'New Europe' flexes its muscle at Eurovision song contest

Serbia, 2007 winner thanks to Balkan bloc, hosts Saturday's final.

May 24, 2008

It's an annual celebration of glitz and kitsch. This year's entries in the Eurovision Song Contest include a singing puppet named Dustin the Turkey and a band of crooning pirates – though past winners include bona fide stars such as ABBA and Celine Dion.

But the 53-year-old pop contest, hosted this year by 2007 winner Serbia, is also sometimes a surprising stage for more serious geopolitical battles. As the top contestants from the 43 competing nations gear up for Saturday's final in Belgrade, Western nations are up in arms about New Europe's tendency to vote for neighbors.

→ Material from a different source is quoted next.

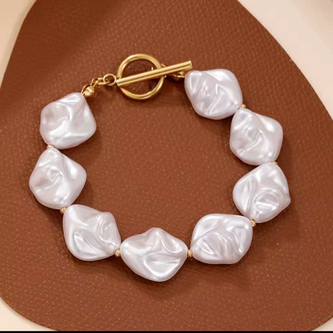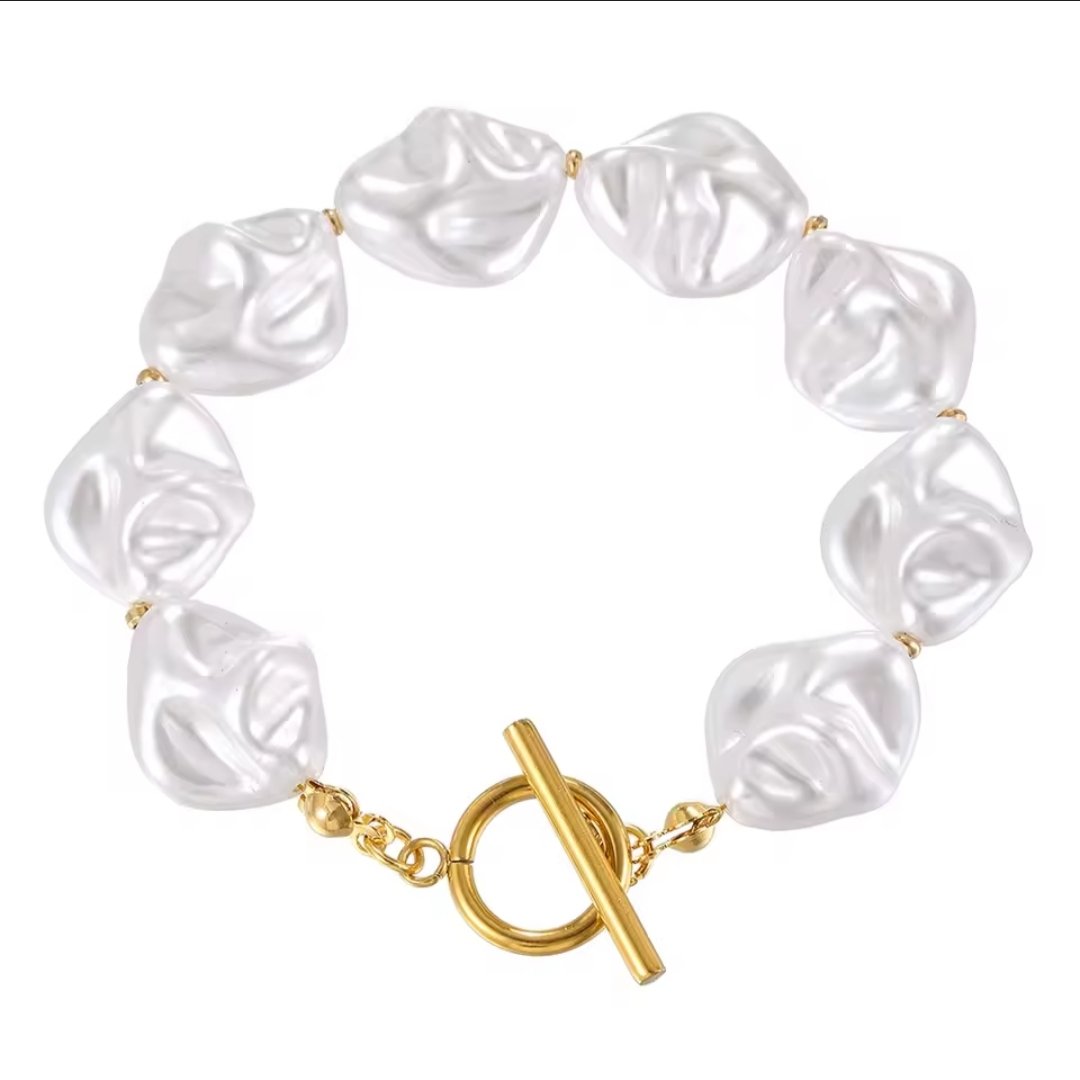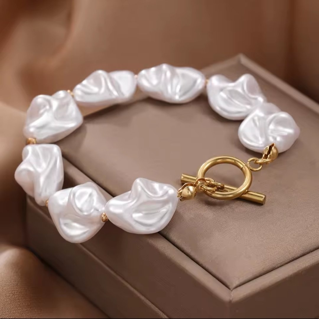Διαθέτει εντυπωσιακές μπαρόκ (ακανόνιστες) περλίτσες, που προσθέτουν φυσική λάμψη και ιδιαίτερο χαρακτήρα, ενώ το χρυσό μεταλλικό κούμπωμα τύπου Τ δίνει μια πινελιά πολυτέλειας και μοντέρνου design.

An "iron curtain," complained BBC commentator Terry Wogan to The Telegraph newspaper, "has descended over Eurovision."

For many fans of Eurovision, the simmering political controversies and nationalistic wrangling that accompany the contest are as much fun to watch as the over-the-top acts themselves. The voting bloc allegations have also provided excellent fodder for academics, who have devoted substantial energy to analyzing Eurovision results and what voting patterns say about culture, alliances, and the expanding idea of Europe. Viewers vote by phone or text message, but points are allocated on a national basis – similar to the US electoral system in presidential races.

Derek Gatherer, a data analyst who number-crunches Eurovision results as a hobby and has published papers on his results, says there are three main voting blocs in Eurovision: the Balkan Bloc, the Viking Empire, and the Warsaw Pact, as well as a number of smaller voting partnerships, such as an enduring friendship between Greece and Cyprus.

He refutes other academics' claim that cultural factors explain the Eurovision voting trends.

"The argument against that is that the voting exchange is getting stronger," he says. "If it is the fact that people, for example, just happen to like Balkan sounding music, then the voting patterns wouldn't show they like those sounds more now than they did 10 years ago."

But Laura Spierdijk, an assistant professor of econometrics at the University of Groningen in The Netherlands and a Eurovision fan, disagrees. She and a colleague, Michel Vellekoop from the University of Twente's applied math department, also analyzed the data and say that regional preferences can be attributed to cultural similarities. In certain cases, they even found religious biases – Cyprus, for example, tends to award higher points to other Orthodox countries.

"What we see is that people assign people points to their neighbors, but you can explain that by the fact that people prefer songs coming from a related culture and in a similar language," she says. "That's very natural human behavior."

The biggest surprise, she said, was that in some cases, such as in the Balkans, "apparently cultural similarities even outweigh old feelings of being enemies."

The former Yugo-slavia is a case in point. Serbia won last year in part because six of its neighbors – including several ravaged by war in the 1990s – gave it the maximum number of points: Bosnia, Croatia, Macedonia, Montenegro (which had just seceded from Serbia), Slovenia, and Hungary.

The current controversy over voting blocs isn't the first time allegations of foul play have been made in relation to Eurovision. A new documentary alleges that in 1968 Spanish dictator Francisco Franco bribed judges to ensure that Spain won.

This year, the Eurovision contest is caught in the middle of a fierce Serbian and European divide over Kosovo's newly declared independence. Serbia's entry evokes a historic battle in Kosovo in 1389.

Come Saturday, Dr. Gatherer and Dr. Spierdijk will be watching not only the acts themselves, but how countries will cast their votes. "A lot of people feel indignant about this, about the gamesmanship in this international contest." says Gatherer. "I think it's hilarious."